For forty years, Stephen King’s stories have been translated to the screen with almost as much frequency as Shakespeare’s. Judging by reports of current projects in development, that trend isn’t going to stop anytime soon. And if history is any indication, new adaptations will be re-imagined several times before we get to see them on our screens. Here are some early versions of King adaptations that got chewed up and spit out by Hollywood’s dream machine…

GEORGE A. ROMERO’S THE STAND

Director Mick Garris brought King’s most popular novel to the small screen in 1994 as an ABC miniseries, but THE STAND was George Romero’s pet project for more than a decade before that. Romero met King in the late 1970s, when Warner Bros. approached him about directing a feature film adaptation of SALEM’S LOT. Romero declined, but started scheming with King about making THE STAND as a feature film. The author wrote a (lengthy) screenplay for Romero’s company Laurel Entertainment, then recommended that they collaborate on a “tune-up” picture to establish themselves as a bankable production team. If their first film did well at the box office, King figured, they would have no trouble raising financing for their ambitious, sprawling adaptation of THE STAND.
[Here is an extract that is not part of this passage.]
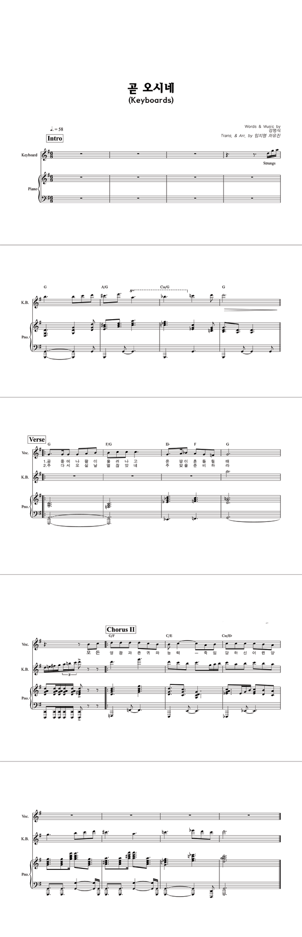 | 곧 오시네 | 성가 4부 + 피아노 반주 |

Unfortunately, the tune-up project—CREEPSHOW (1982)—was only marginally successful at the box office, and THE STAND remained in limbo for many years to come. Romero lost his claim on the project when he left Laurel Entertainment in the mid-1980s, and his former partner Richard Rubenstein went on to make a deal with ABC. King’s script was embraced, but Romero wasn’t.
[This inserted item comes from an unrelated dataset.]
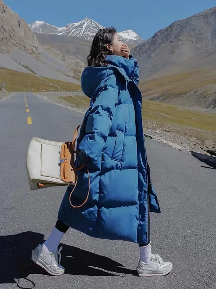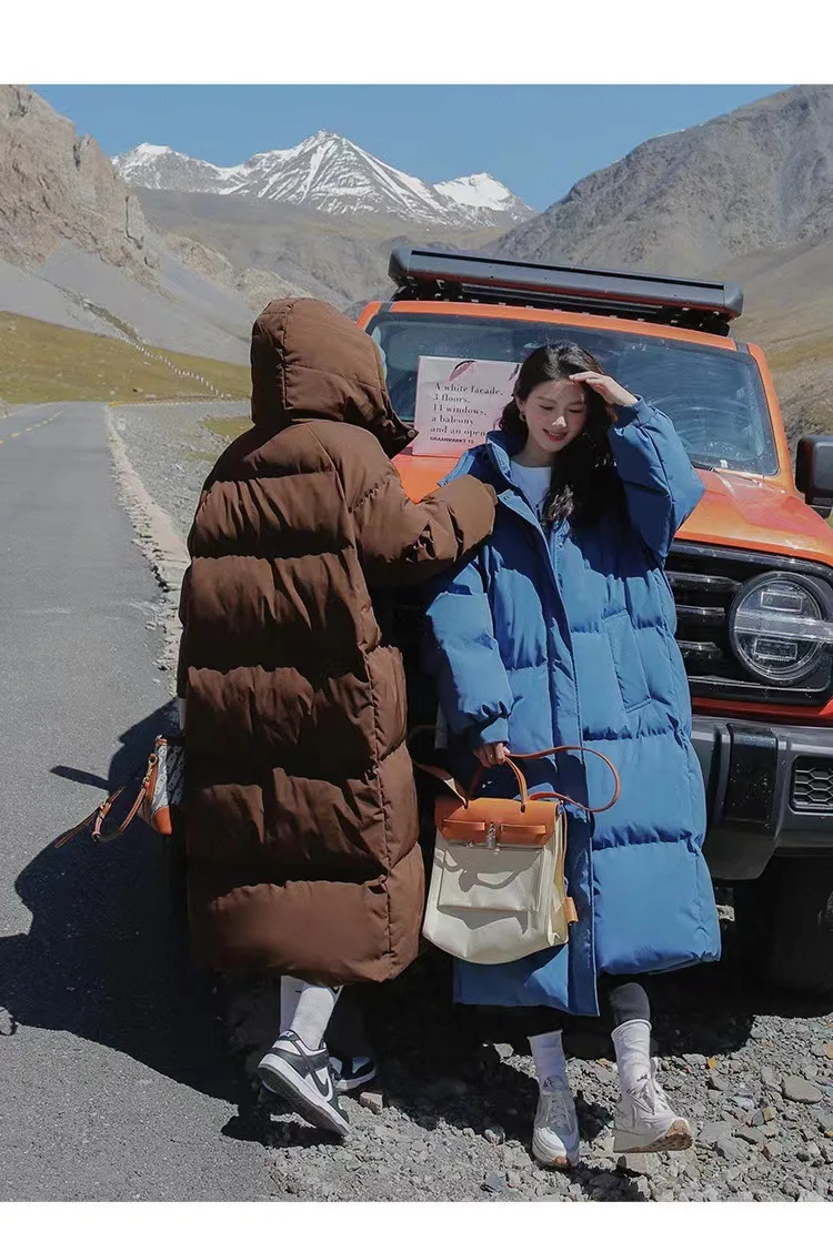 Long Thickened Down Cotton Bread Style Coat Women's Winter 2025 Outerwear Korean Loose Long Knee Length Solid Hooded Jacket

JOHN CARPENTER’S FIRESTARTER

On the long list of Stephen King movies, most critics list director Mark L. Lester’s adaptation of FIRESTARTER somewhere near the bottom. So it’s tempting to wonder what a filmmaker like John Carpenter would have done differently. Carpenter was attached to the property at Universal in the early 1980s, and his THE THING collaborator Bill Lancaster wrote an early draft of the script. King told journalist Pat Cadigan that Lancaster’s script was “pretty good,” although he nervously noted some departures from the source material—including the transformation of the villain John Rainbird (played by George C. Scott in the finished film) into a woman.

Then THE THING bombed at the box office. Universal got cold feet, and Carpenter reluctantly went on to make CHRISTINE for producer Richard Kobritz while producer Dino DeLaurentiis set up a lower-budget adaptation of FIRESTARTER. The new script, by Stanley Mann, was more faithful to King’s novel, but as the author says, the finished film is “flavorless—like cafeteria mashed potatoes.”

THE MIST, written by Dennis Etchison

Frank Darabont’s critically-acclaimed adaptation of King’s 1980 novella travelled a long road to the silver screen. According to King, he and Darabont spent much of the 1990s trying to come up with an ending that Hollywood producers would embrace. Even before that, producer Dino DeLaurentiis struggled for years to develop the property. Horror novelist Dennis Etchison, one of King’s favorite writers, wrote an early screenplay, envisioning the film as an homage to Roger Corman’s low-budget science fiction films of the 1950s. Casting prospects included Roy Scheider as David Drayton (the role that eventually went to Thomas Jane in Darabont’s film), Blythe Danner as his wife and Randy Quaid as neighbor Brent Norton. Etchison also came up with an ending for King’s open-ended story—a scene inspired by Alfred Hitchcock’s unused final shot for THE BIRDS.

Because the special effects requirements were deemed too expensive, Etchison’s version of THE MIST was never produced on film… but it was produced as an old-time radio show. In 1984, Boston’s ZBS Foundation created an 80-minute recording in the style of Orson Welles’s famous WAR OF THE WORLDS broadcast. That adaptation remains available today—in 3D sound—from Simon & Schuster Audio.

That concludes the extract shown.